▸ Data below:
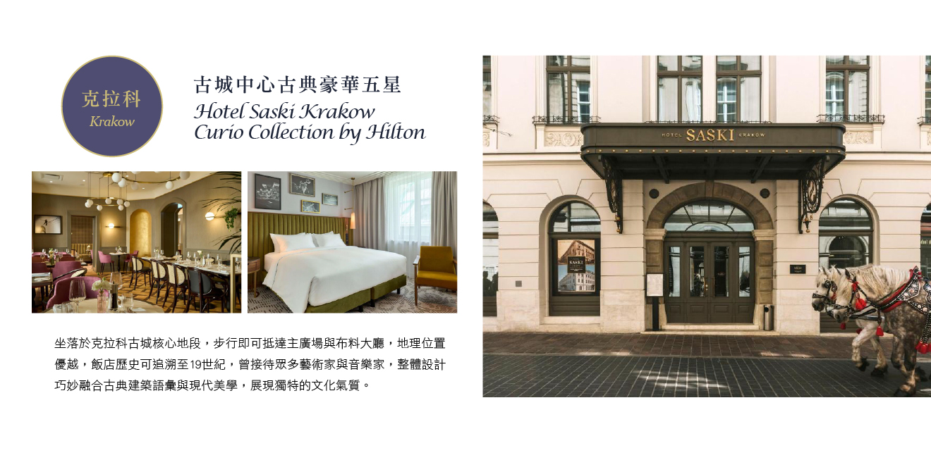 住宿:Holiday Inn Krakow City Centre an IHG Hotel 或 Radisson Blu Hotel 或 Saski Krakow Curio Collection by Hilton 或 Wyndham Grand Krakow Old Town 或同等級
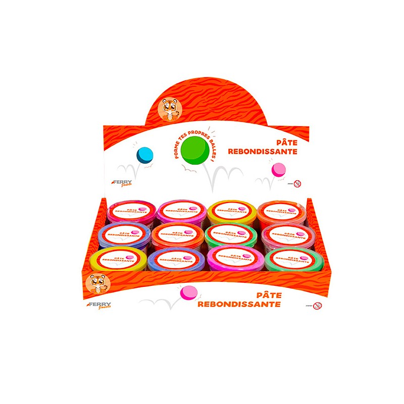 1 pot de pâte rebondissante en display de 12. Pot de pâte rebondissante pour samuser à manipuler une matière élastique et vive, idéale pour le jeu et la détente.
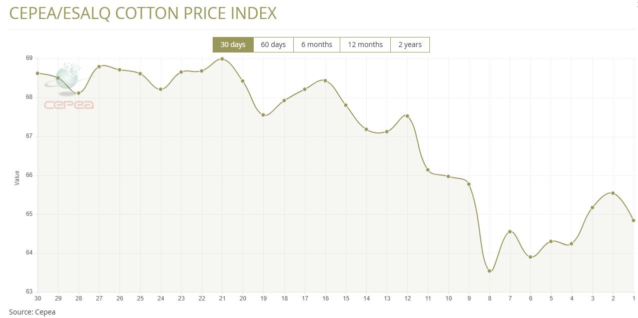 10月21日(周二),巴西CEPEA/ESALQ棉花價(jià)格指數(shù)報(bào)64.84美分/磅,較前一交易日下跌1.07%,較上月同期下跌5.25%。
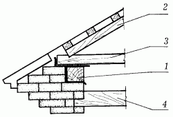 Рис. 29. Опирание наслонных стропил в каменных зданиях: 1 – мауэрлат; 2 – стропильная нога; 3 – затяжка; 4 – чердачное перекрытие.

▸ Activity: Transcribe, without alteration, each line from the one with "1 pot de pâte" through the last line of the data; no pictures belong in the copy.

▸ Solved exercise:
 1 pot de pâte rebondissante en display de 12. Pot de pâte rebondissante pour samuser à manipuler une matière élastique et vive, idéale pour le jeu et la détente.
 10月21日(周二),巴西CEPEA/ESALQ棉花價(jià)格指數(shù)報(bào)64.84美分/磅,較前一交易日下跌1.07%,較上月同期下跌5.25%。
 Рис. 29. Опирание наслонных стропил в каменных зданиях: 1 – мауэрлат; 2 – стропильная нога; 3 – затяжка; 4 – чердачное перекрытие.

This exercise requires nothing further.